AIM OF THE TASK
Please set down only the lines below starting with the line with "Danach gab es" and going on through the line with "Еко сережки з", verbatim and without pictures.

EXTRACTED RECORDS
==================================================

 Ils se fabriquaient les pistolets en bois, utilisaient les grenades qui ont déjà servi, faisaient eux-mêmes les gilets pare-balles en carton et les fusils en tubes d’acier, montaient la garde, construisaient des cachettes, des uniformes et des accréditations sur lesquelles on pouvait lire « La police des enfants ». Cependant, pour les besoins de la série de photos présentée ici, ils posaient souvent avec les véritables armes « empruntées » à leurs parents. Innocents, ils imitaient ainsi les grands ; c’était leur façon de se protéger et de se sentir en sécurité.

==================================================

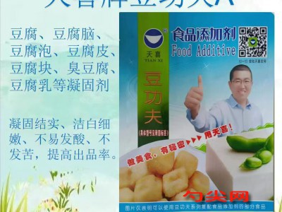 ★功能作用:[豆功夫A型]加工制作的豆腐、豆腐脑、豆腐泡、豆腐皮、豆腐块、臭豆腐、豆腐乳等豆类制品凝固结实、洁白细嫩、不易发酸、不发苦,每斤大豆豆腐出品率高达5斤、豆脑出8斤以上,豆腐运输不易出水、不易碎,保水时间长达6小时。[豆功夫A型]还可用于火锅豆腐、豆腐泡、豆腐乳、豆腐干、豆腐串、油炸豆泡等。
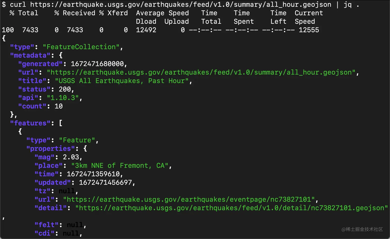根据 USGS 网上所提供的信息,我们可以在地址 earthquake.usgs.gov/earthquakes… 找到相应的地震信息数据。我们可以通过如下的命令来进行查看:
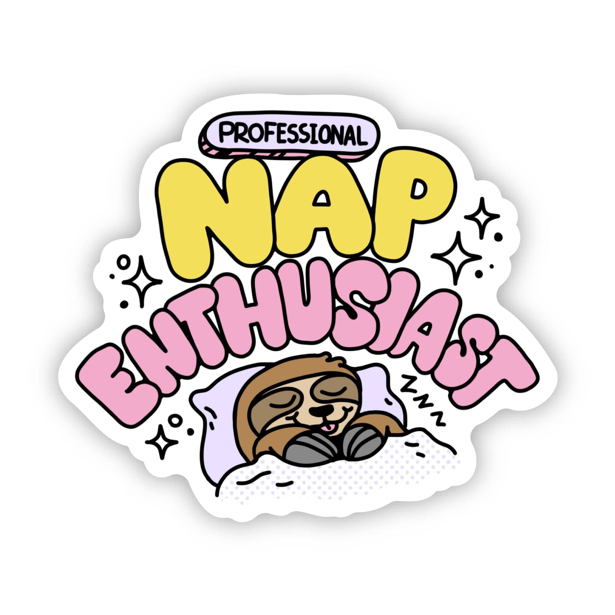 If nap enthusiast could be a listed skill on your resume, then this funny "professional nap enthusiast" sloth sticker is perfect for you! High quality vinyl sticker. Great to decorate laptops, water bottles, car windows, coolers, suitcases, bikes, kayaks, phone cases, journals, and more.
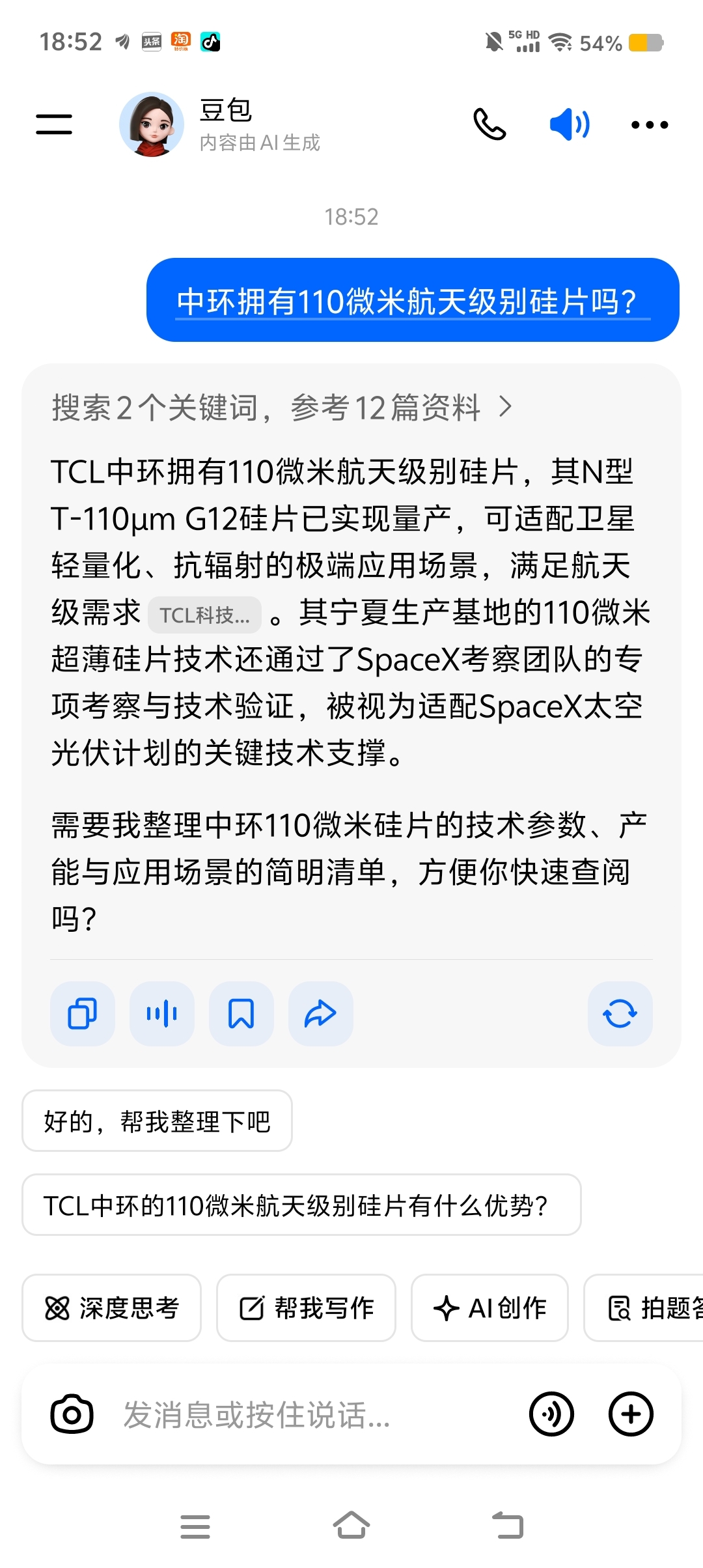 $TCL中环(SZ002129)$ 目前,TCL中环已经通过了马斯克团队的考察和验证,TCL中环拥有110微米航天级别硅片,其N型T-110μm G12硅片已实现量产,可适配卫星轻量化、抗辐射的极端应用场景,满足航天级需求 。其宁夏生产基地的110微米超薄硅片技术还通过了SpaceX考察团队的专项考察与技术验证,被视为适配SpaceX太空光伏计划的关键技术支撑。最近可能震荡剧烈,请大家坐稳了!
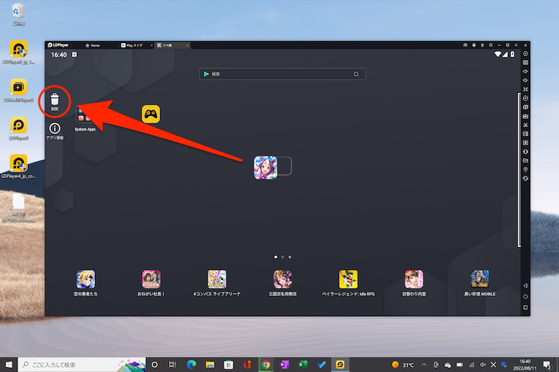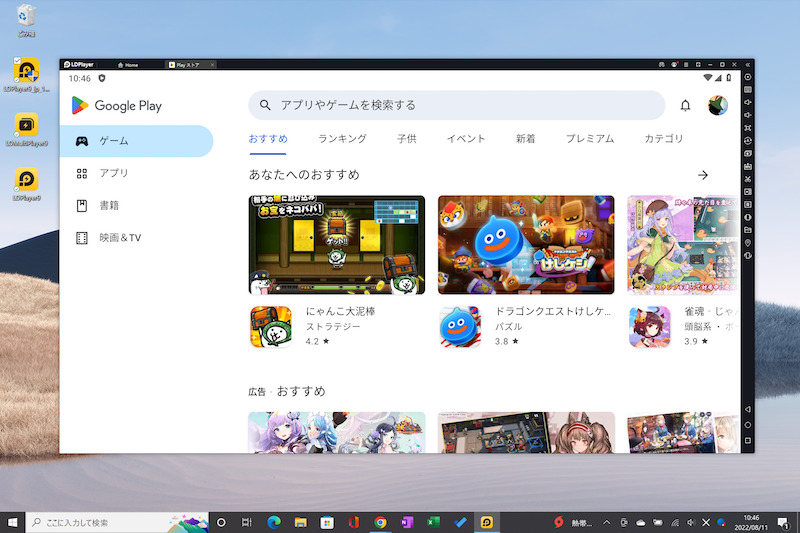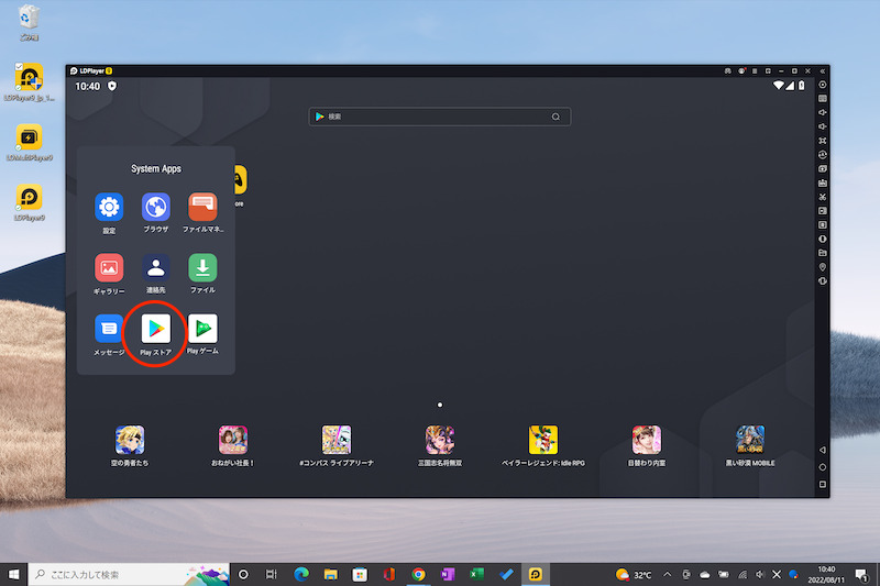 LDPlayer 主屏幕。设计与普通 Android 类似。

==================================================

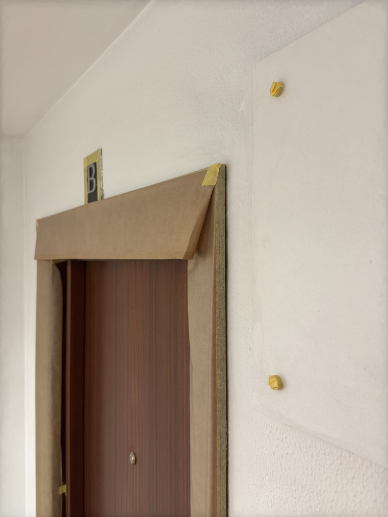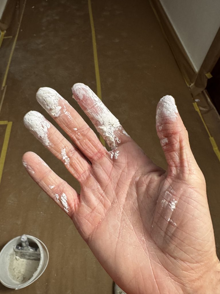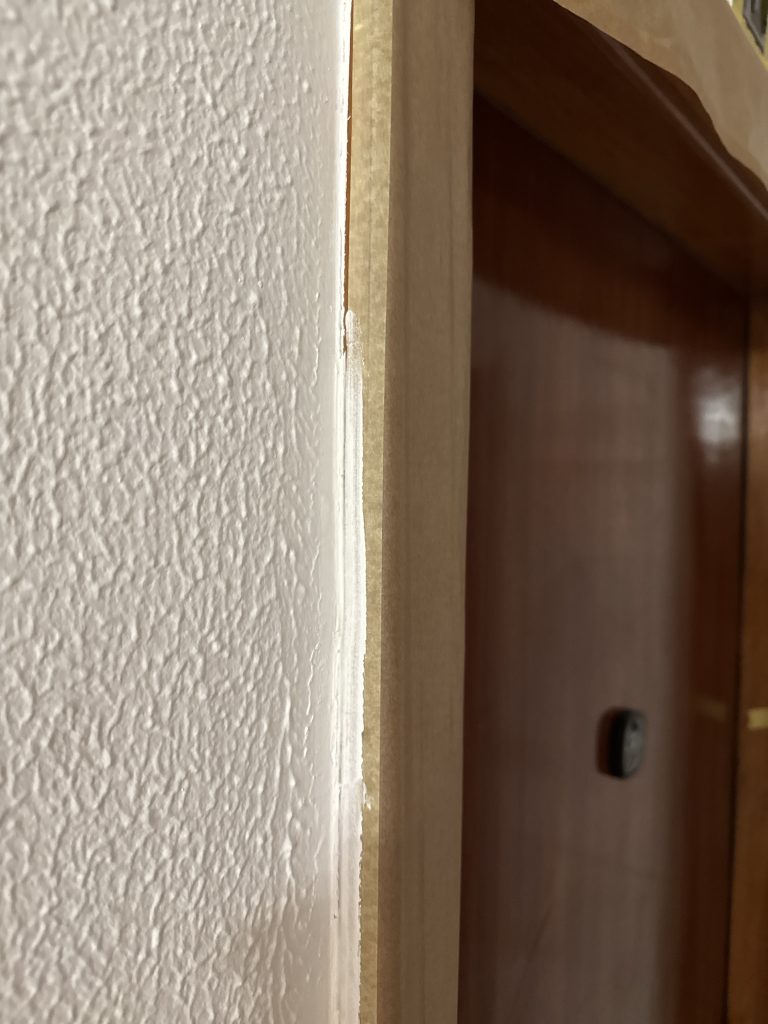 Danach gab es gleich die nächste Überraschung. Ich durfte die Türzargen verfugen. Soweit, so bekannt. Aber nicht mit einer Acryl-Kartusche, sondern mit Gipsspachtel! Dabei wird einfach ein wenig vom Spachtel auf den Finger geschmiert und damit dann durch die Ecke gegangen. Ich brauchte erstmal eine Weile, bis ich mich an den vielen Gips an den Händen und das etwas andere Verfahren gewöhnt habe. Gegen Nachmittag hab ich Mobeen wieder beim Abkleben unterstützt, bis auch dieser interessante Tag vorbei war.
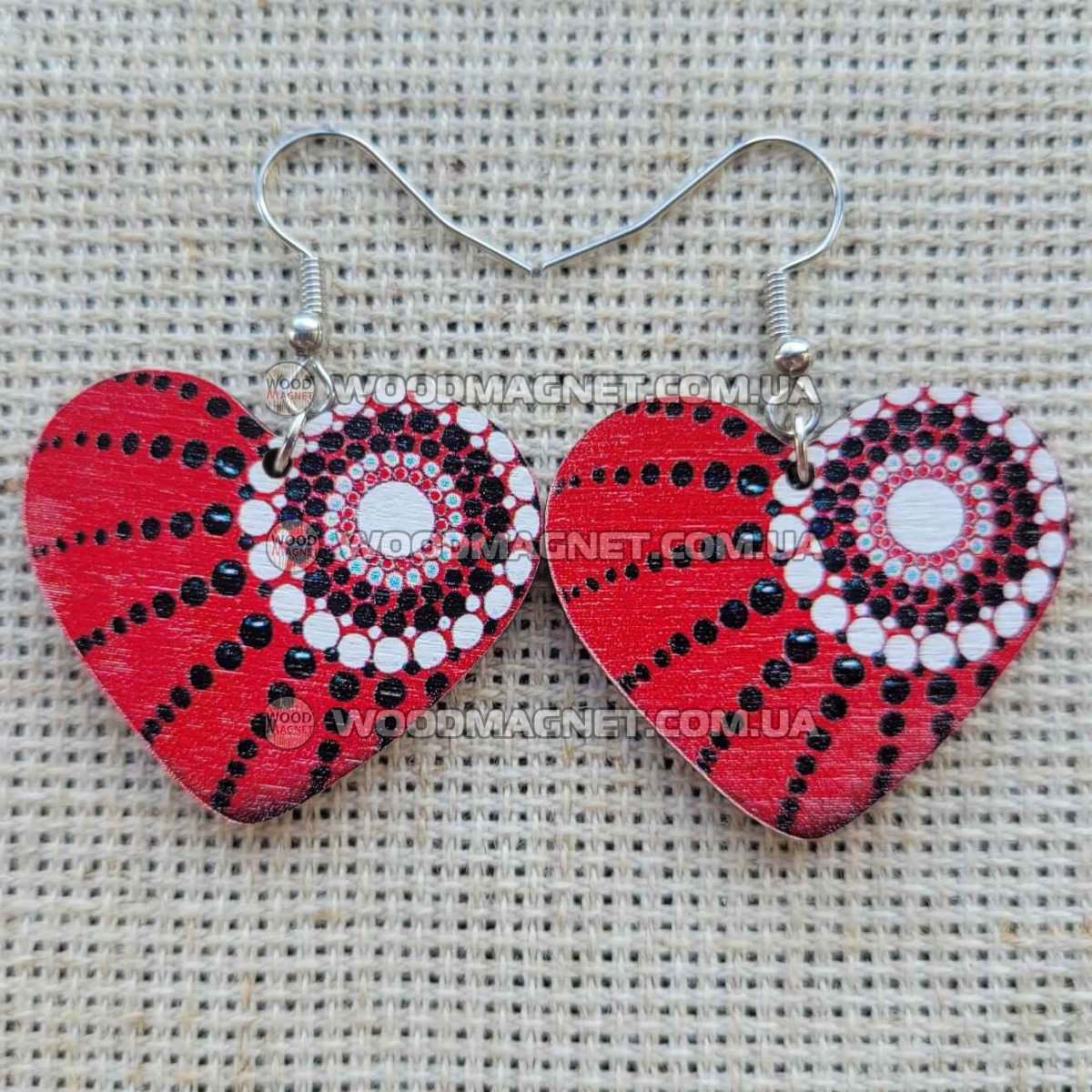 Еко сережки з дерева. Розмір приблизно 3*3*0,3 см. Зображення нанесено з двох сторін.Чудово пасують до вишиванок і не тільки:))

==================================================

TASK RESPONSE
 Danach gab es gleich die nächste Überraschung. Ich durfte die Türzargen verfugen. Soweit, so bekannt. Aber nicht mit einer Acryl-Kartusche, sondern mit Gipsspachtel! Dabei wird einfach ein wenig vom Spachtel auf den Finger geschmiert und damit dann durch die Ecke gegangen. Ich brauchte erstmal eine Weile, bis ich mich an den vielen Gips an den Händen und das etwas andere Verfahren gewöhnt habe. Gegen Nachmittag hab ich Mobeen wieder beim Abkleben unterstützt, bis auch dieser interessante Tag vorbei war.
 Еко сережки з дерева. Розмір приблизно 3*3*0,3 см. Зображення нанесено з двох сторін.Чудово пасують до вишиванок і не тільки:))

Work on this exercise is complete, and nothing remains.